The question is let (X,d) be a metric space. Show that $ d' = \frac{d}{1+d} $
I would like to know if I am on the right path with my solution. Any help would be greatly appreciated!
Solution:
Let $x,y,z \in X $
Then $ d'(x,z) = \frac{d(x,z)} {(1+d(x,z))}\le \frac{d(x,y) + d(y,z)}{ 1+d(x,y)+d(y,z)}=\frac{d(x,y)}{1+d(x,y) + d(y,z)}+\frac{d(y,z)}{1+d(x,y) + d(y,z)}\le \frac{d(x,y)}{1+d(x,y)}+ \frac{d(y,z)}{1+d(y,z)}$ $$= d'(x,y) + d'(y,z).$$ Thus we have proved that $d'=\frac{d}{1+d}$ is also a metric on $X$.

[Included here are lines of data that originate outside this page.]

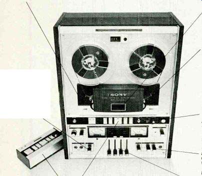Tape-Equalization Selector Switch. Get the most out of your tapes by selecting proper record-equalization curve and bias voltage matched exactly to either standard or low-noise tapes. Built-In Logic Circuit Regulates Relay-Operated Solenoid Controls. Tap the feather-touch solenoid pushbuttons for play, fast-forward, and rewind, in any order, without going into stop mode. Sony/Superscope's logic circuit "computer" ends breakage or spillage of tape under any conditions. Plug in the optional Model RM-11 full-function remote-control for push-button operation without leaving your easy chair. 6-Head Function with Sony Exclusive Roto-Bilateral Head Assembly. This unique three-head assembly is actually equivalent to 6 separate heads and provides complete recording features of tape/source monitoring, sound-on-sound, and echo in both directions of tape travel. Closed- Loop, Three-Head Tape-Drive System. Two interlocked capstans provide perfect tape tension and tape-to-head contact in both directions. The three-speed Servo-Controlled drive motor maintains precise tape speed regardless of variations in AC power. Electronic Sensory Search, Another Sony exclusive-put on your favorite prerecorded tape and press the ESS button. The Model TC-780 switches to fast-forward, precisely locates the beginning of the recorded material, stops, and shifts to playback mode. All automatically. No long leader-tape delay. Separate Headphone Controls. Full monitoring flexibility is assured with a three-position volume control and separate mode selector switch for left channel only, right channel only, or stereo. Mic/Line Mixing. Four separate professional-type slide controls regulate the recording levels for both microphone and line inputs. Sony/ Superscope Model 780. $695, with walnut base and vinyl dust cover. If you prefer a custom-console installation, the transport and electronics sections of this unit can be separated and individually mounted. For your free copy of our latest color catalog, please write Mr.Phillips,Sony/Superscope, 8142 Vineland Ave., Sun Valley, Calif. 91352. 1969, SUPERSCOPE, INC. SONY, SUPERSCOPE. You never heard it so good. ===== ![]() How to recognize a stacked deck. The Choice of Experts. This is the famous Sony Model 355 selected as a "best buy" by the nation's leading consumer reporting service. Unprecedented Specifications & Features. Achieves true high-fidelity performance even at slower speeds: (20-22,000 Hz at 7 1/2 ips, 20-17,000 Hz at 3 3/4 ips, 20-9,000 Hz at 1 7/8 ips). Three speeds, 4-track stereo and mono recording and playback, 7-inch reels, Automatic Sentinel Shut-off, two VU meters, stereo headphone jack, pause control, four-digit tape counter, record interlock, vertical or horizontal operation. Instant Tape Threading & Vibration-Free Motor. Exclusive Sony Retractomatic pinch roller permits simple, one-hand tape threading. Automatic tape lifter protects heads from wear during fast-forward and reverse. Vibration-free motor is completely isolated from tape mechanism by exclusive Sony "floating" shock-absorber action. Three Heads. Three-head design permits such professional features as tape/ source monitoring and sound-on-sound. Exclusive Sony circuit eliminates record-head magnetization build-up, the most common cause of tape hiss. Noise-Suppressor Switch. Special filter eliminates undesirable hiss that may exist on older recorded tapes. Scrape Flutter Filter. Special precision idler mechanism located between erase and record heads eliminates tape modulation distortion. Formerly found only on professional studio equipment. Sony Model 355. Priced under $229.50. For a free copy of our latest catalog, write to Mr. Phillips, Sony/ Superscope, Inc., 8142 Vineland Avenue, Sun Valley, California 91352. SONY a You never heard it so good. SUPERSCOPE. ========== ![]() When you're number one in tape recorders you don't make the number-two tape. It costs a few pennies more. But Sony professional-quality recording Tape makes a world of difference in how much better your recorder sounds-and keeps on sounding. That's because Sony tape is permanently lubricated by an exclusive Lubri-Cushion process. Plus, its extra-heavy Oxi-Coating won't shed or sliver. Sony tape is available in all sizes of reels and cassettes. And remember, Sony professional-quality recording tape is made by the world's most respected manufacturer of recording equipment. SONY. You never heard it so good. SUPERSCOPE.INC. SONY, SUPERSCOPE, Sun Valley, California, 91352 -------- (Audio magazine, 11/1969) Also see: = = = = |
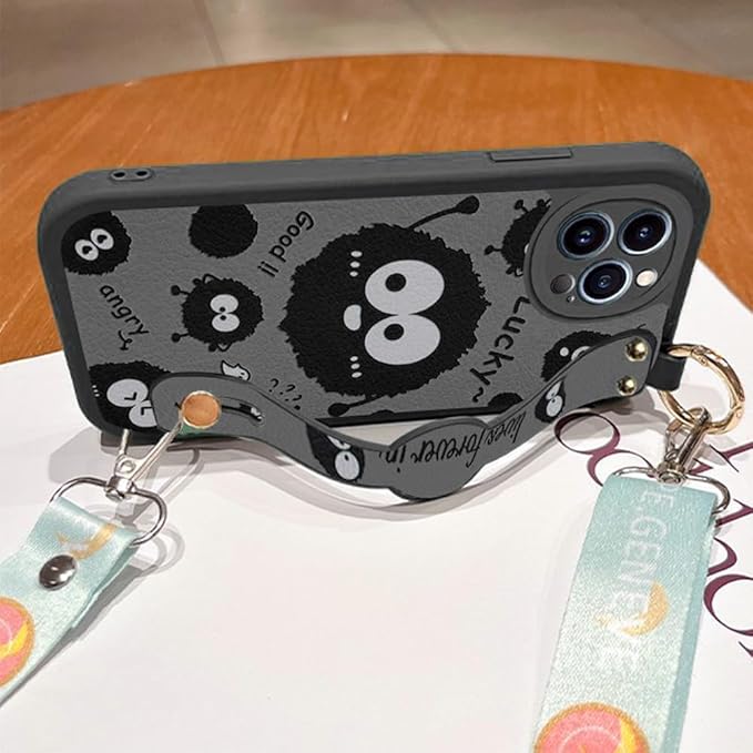 まっくろくろすけ かわいい スマホケース iPhone 17 Pro Max 用 ケース スマホケース アイフォン 17 Pro Max 用 ケース シリカゲル保護カバー スタンド機能 キックスタンド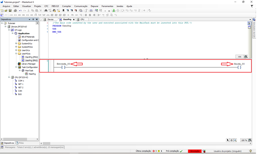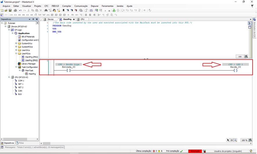 É importante lembrar que o MasterTool IEC XE não é case sensitive, ou seja, o software não diferencia letras maiúsculas de minúsculas. Ainda assim, recomenda-se manter um padrão de escrita para facilitar a leitura do programa.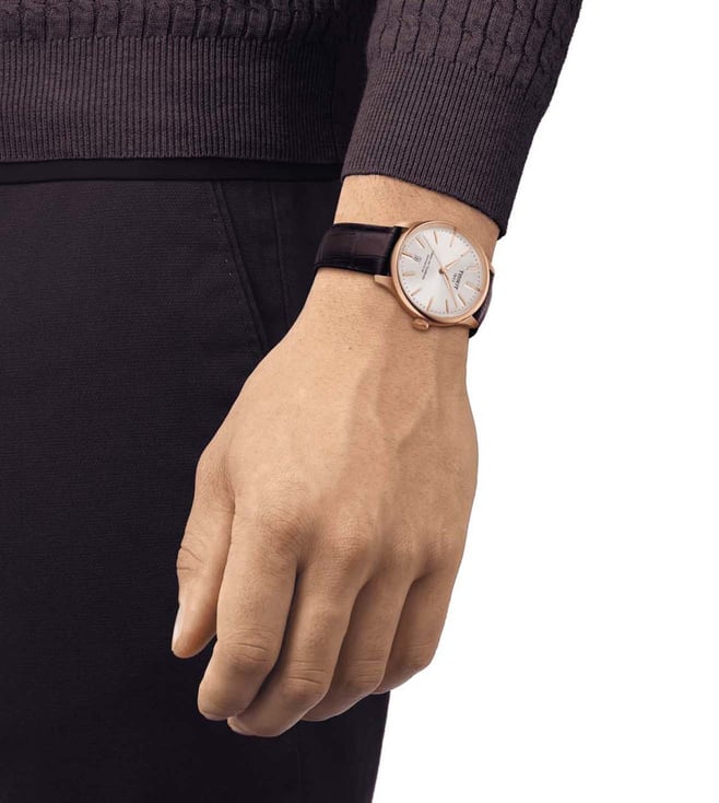 Effortlessly combining style and functionality, this elegant watch from the Tissot can be a perfect pick. It features plain 3-hand functionality to keep you on time. This watch is water resistant to 50 m which keeps you free of worries while washing hands or during rain.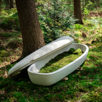 The Loop Living Cocoon™ is the world’s first coffin made from mushrooms. Grown in just 7 days from local mushrooms and upcycled hemp fibres, it fully returns to the earth within 45 days, enriching nature in the most natural way. Lined with a soft bed of moss (with other natural linings available) and offered in a ‘Calm’ or ‘Wild’ colour. Certified for natural burial, traditional burial and cremation. A heartfelt choice for those who wish to give back to nature and leave the world better for the generations to come.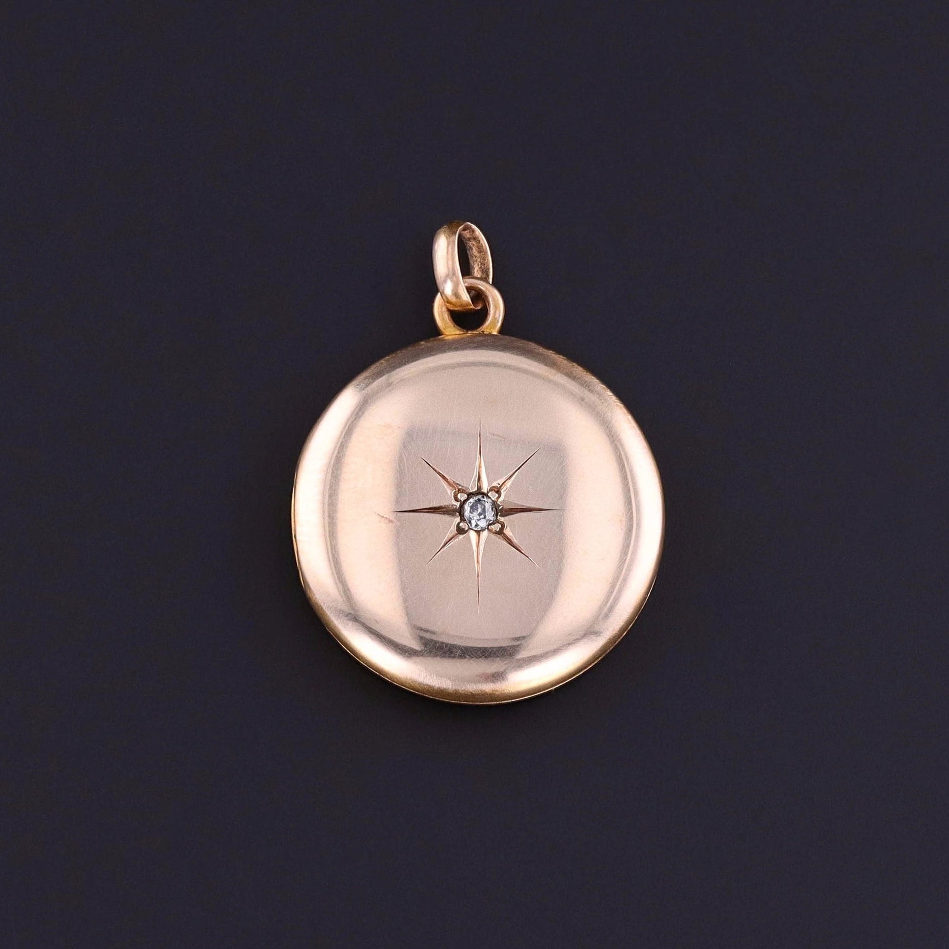 This 10k gold antique locket (circa 1900-1910) features a hand etched star with a diamond accent.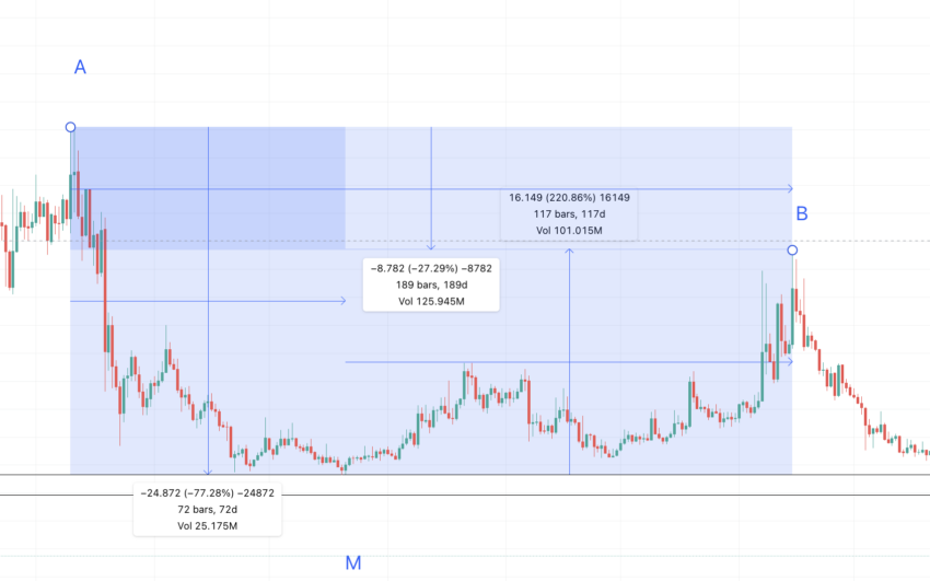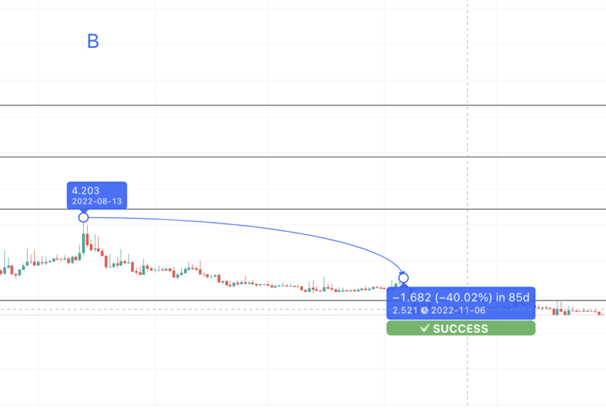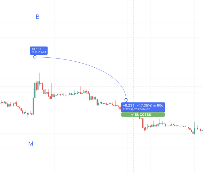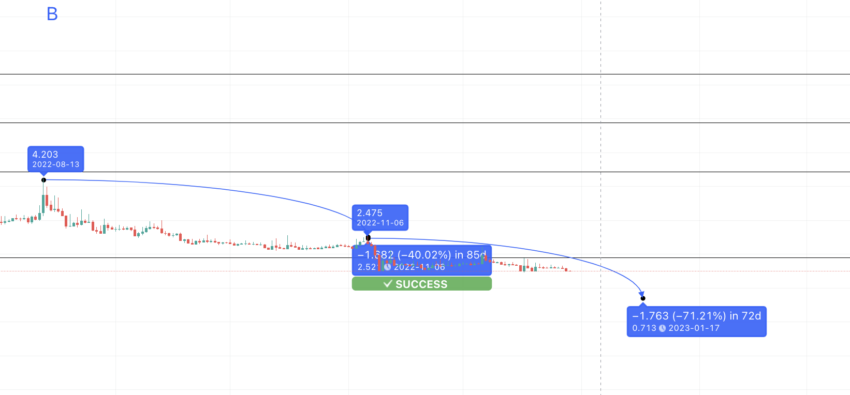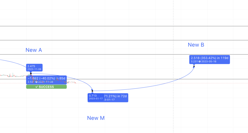 A variação média do preço é: 355,43% desde a última baixa ou novo M. A distância pode chegar a 119 dias, pois ainda estamos em um mercado em baixa. Agora, se traçarmos o caminho do Novo M ou US$ 0,713, o Novo B pode chegar a US$ 3,21 em meados de 2023.

You haven't really justified why the first inequality works though.
I would start by considering the function $F(t)=\frac{t}{1+t}$, which has positive derivative on $[0,\infty)$.
This means $F(d(x,z)) \le F(d(x,y)+d(y,z))$, since $d(x,y) \le d(x,y)+d(y,z)$.
Then carry on, as you did, and you get the correct answer.
Maybe add a comment on why separation and symmetry follow very easily.